На следующее утро меня разбудил телефонный звонок. Это была гид «Интуриста», которая поинтересовалась, не изменил ли я свои намерения. Быть может, я хочу увидеть профилакторий, где государство искореняет венерические заболевания? Или детские ясли, где государство растит наилучших малышей? Или хлебозавод, где государство печет наилучший хлеб? Я бурчал злое «нет» на каждое предложение и сообщил гиду, что намерен провести в постели весь день и предоставить Господу и сну возможность привести меня в порядок без посторонней помощи. Когда я повесил трубку, я уже твердо решил ехать в Тарховку назло гиду и даже выкопать серебро из подвала, если представится такая возможность. Я мечтал увидеть лицо гида следующим вечером, когда я покажу ей мешок, полный серебра и драгоценностей, и сообщу, что подобрал его где-то в городе или нашел под своей кроватью.

Внизу в холле отеля консьержа загородила от меня компания слегка подвыпивших молодых моряков, судя по всему, требовавших для себя комнат. Я тихонько выскользнул за дверь незамеченным.

На Финляндском вокзале роилась огромная масса людей, перемещавшихся во всех направлениях.
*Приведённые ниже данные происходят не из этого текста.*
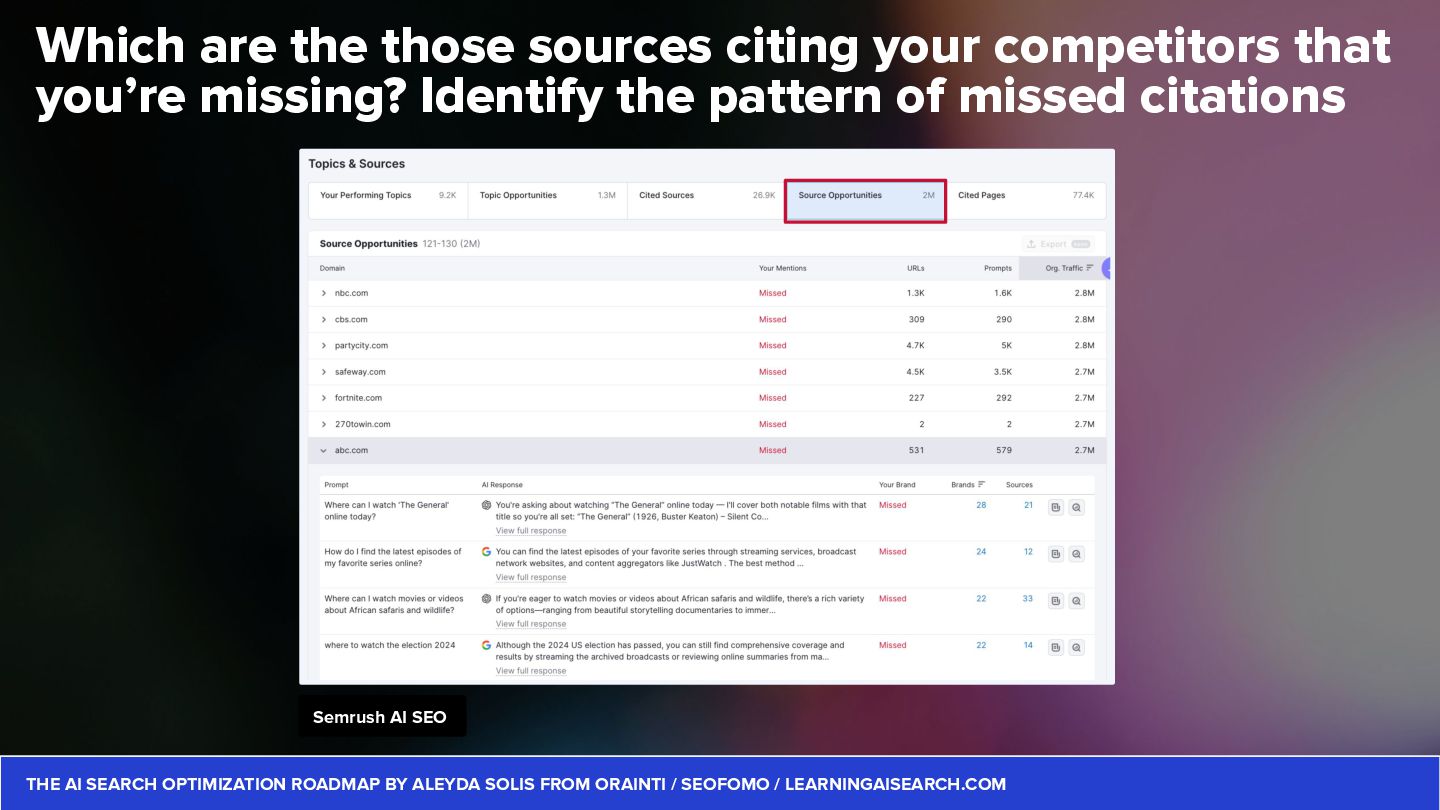 SEOFOMO / LEARNINGAISEARCH.COM THE AI SEARCH OPTIMIZATION ROADMAP BY ALEYDA SOLIS FROM ORAINTI / SEOFOMO / LEARNINGAISEARCH.COM Which are the those sources citing your competitors that you’re missing? Identify the pattern of missed citations Semrush AI SEO

Большинство из них были крестьянами, с большими мешками за плечами, в лаптях, в толстых засаленных пальто, шалях и меховых шапках-ушанках. Я впервые увидел русский железнодорожный вокзал, и он поверг меня в замешательство. Как бы то ни было, но я нашел окошко кассы и около часа простоял в очереди, убеждая себя, что запах вокруг совсем не так ужасен, как кажется и, в конце концов, он не более чем смесь духа дешевого табака и пота, недостаточно хорошо смытого той водой, которая, должно быть, использовалась в петергофских фонтанах до революции. Билетный кассир дала мне билет, не задав никакого вопроса, и я, наконец, нашел поезд, на который уже началась посадка. Я все время беспокойно оглядывался, представляя себе, сколько времени понадобится гиду из «Интуриста», чтобы проверить мою историю про весь день, проведенный в постели, догадаться, что я направился на охоту за сокровищами, и схватить меня на вокзале. В поезде я нашел себе неприметный уголок, где и уселся. Прошел кондуктор. Я дал ему свой билет, дрожа от страха, что он может спросить меня о чем-то и понять, что я иностранец. Но он лишь взял билет и спокойно кивнул.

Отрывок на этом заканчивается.